By Starla Pointer • Staff Writer • 

McMinnville schools will open Sept. 14 with distance learning

UPDATED with local information.


McMinnville schools will open Sept. 14, a week later than planned, with comprehensive distance learning rather than in-person classes.

The district, which had been considering both distance learning and a hybrid model with in-person classes part of the time, announced the change Tuesday, saying it was "for the safety and security of our community."

Earlier in the day, Gov. Kate Brown and state education and health officials announced that schools could not hold in-person classes unless rates of coronavirus infections stayed at 5% or less for at least three weeks and fewer than 10 cases per 100,000 residents are diagnosed in the seven days prior to reopening.

At this point, most counties do not meet this mark. so most schools wouldn't be able to reopen. Yamhill County had a rate of 6.1 percent the week of July 5, too high for reopening, and rates of 4.0% and 4.5% the weeks of July 12 and July 19.

State officials said they want students to go back to school, especially those in kindergarten through third-grade who would benefit the most from working face-to-face with their teachers. But the infection rate needs to be low so students and educators won't risk getting the virus.


McMinnville officials said they plan to use distance learning for all students, at least through the  first quarter and maybe throughout the fall. They delayed the opening date to give teachers more time to prepare high-quality remote classes.

"This shift to online learning is not ideal," Superintendent Maryalice Russell said. "We recognize the challenges these circumstances present. Please know we are committed to the success of all our students and families during these difficult times and are preparing to help all our students navigate through this unprecedented time."

All McMinnville students will use Chromebooks and Google Classroom, Clever and learning curriculum provided by the district.

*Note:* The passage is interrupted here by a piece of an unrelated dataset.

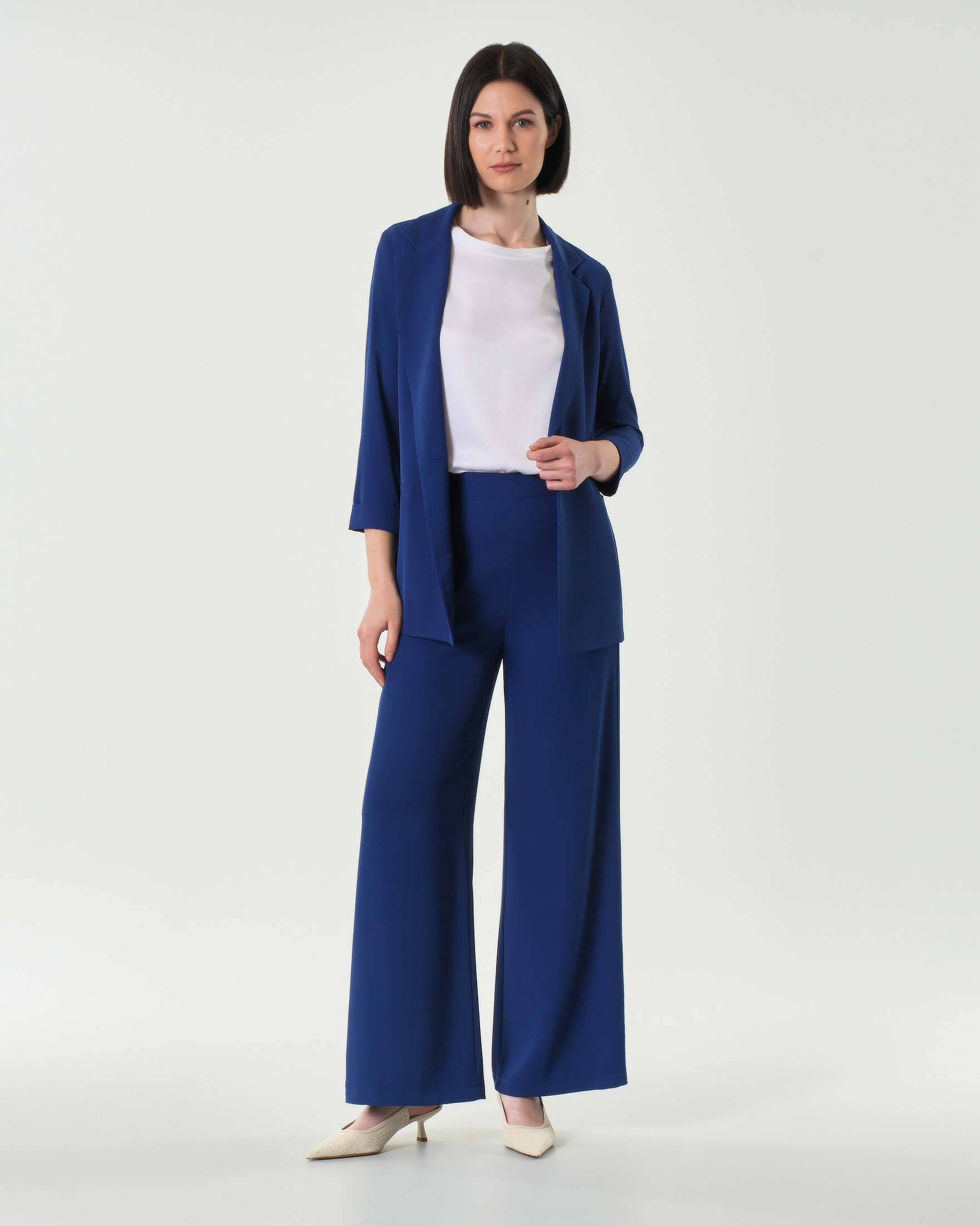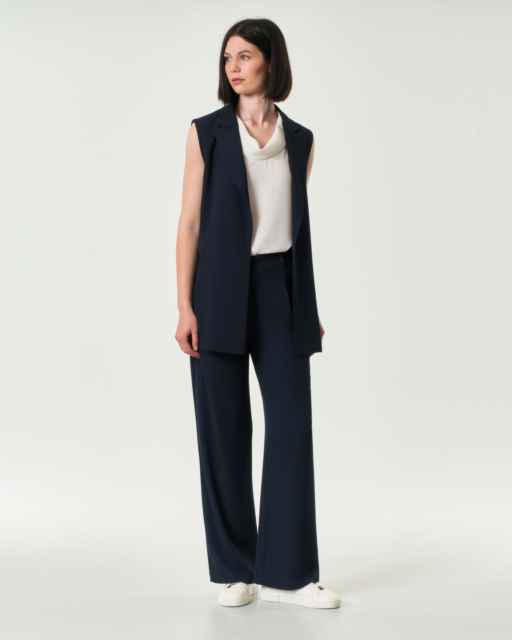 Gilet blu in crêpe con scollo a rever senza bottoni di chiusura

Families can check out Chromebooks if they need them on Aug. 25, 26 or 27. Training also will be provided.

Building principals will host meetings about distance learning on Monday, Aug. 3, at 6 p.m. in English and 7:30 p.m. in Spanish. Links will be sent to parents or posted on school websites.

Orientation for new students, pre-K and kindergartners and sixth- and ninth-grade families will be held Aug. 27.

Staff planning and training will run Aug. 31 to Sept. 9. Teachers will contact students beginning Sept. 10 to welcome them and conduct orientation to distance learning.


According to both the local district and state officials, distance learning will be much different than it was in spring, when district hastily switched to using computers and phones after schools shut down in mid-March because of the pandemic.

Brown said she is releasing $28 million to Oregon schools to help with teacher training, distance curriculum and access for all students.

Colt Gill, director of public instruction, added that distance learning this fall will carry "rigorous requirements" for family engagement, a common platform for learning within each school, daily engagement between students and instructors, social and mental health support, access to quality grade-level curriculum, equitable access and assessment.

McMinnville School District's comprehensive distance learning plan also lists a focus on ttraining, attendance, class time and grading, as well as "synchronous learning" with students and teachers online together at the same time.

During distance learning, school meals will continue to be delivered on bus routes, as they have since March, state officials said.

Several times during their hour-long press conference, Gill and Brown urged all Oregonians to help schools reopen by working together to stop the spread of the virus. Wear masks, use social distancing, avoid large gatherings and "wash, wash, wash" your hands, the governor said.

She and Gill were joined at the press conference by Dr. Dean Sidelinger, state epidemiologist.

They said they want all students to be able to return to school, if they and their teachers can be safe. But they especially hope the youngest children can have in-person classes soon because it's the best way to learn reading and numbers.

In addition, they said, data shows that children 10 and younger have lower rates of contracting and spreading coronavirus and they don't get as sick. 

An earlier version this story stated that the state is asking schools to hold in-person classes for students in kindergarten through third-grade. This applies only in areas with consistently low infection rates, not across the board.



That's all fine and good, but what about some sort of enforcement of truancy. During the last go around there were plenty of kids on the streets during the daytime, when they should of been in school or at least on their provided computer to learn something. We better get a grip on this now, as online educating could well be the wave of the future or we may just need to build more prisons if we can't keep our kids learning the right things and not just living on the streets, trolling their neighborhoods, and in general being a nuisance.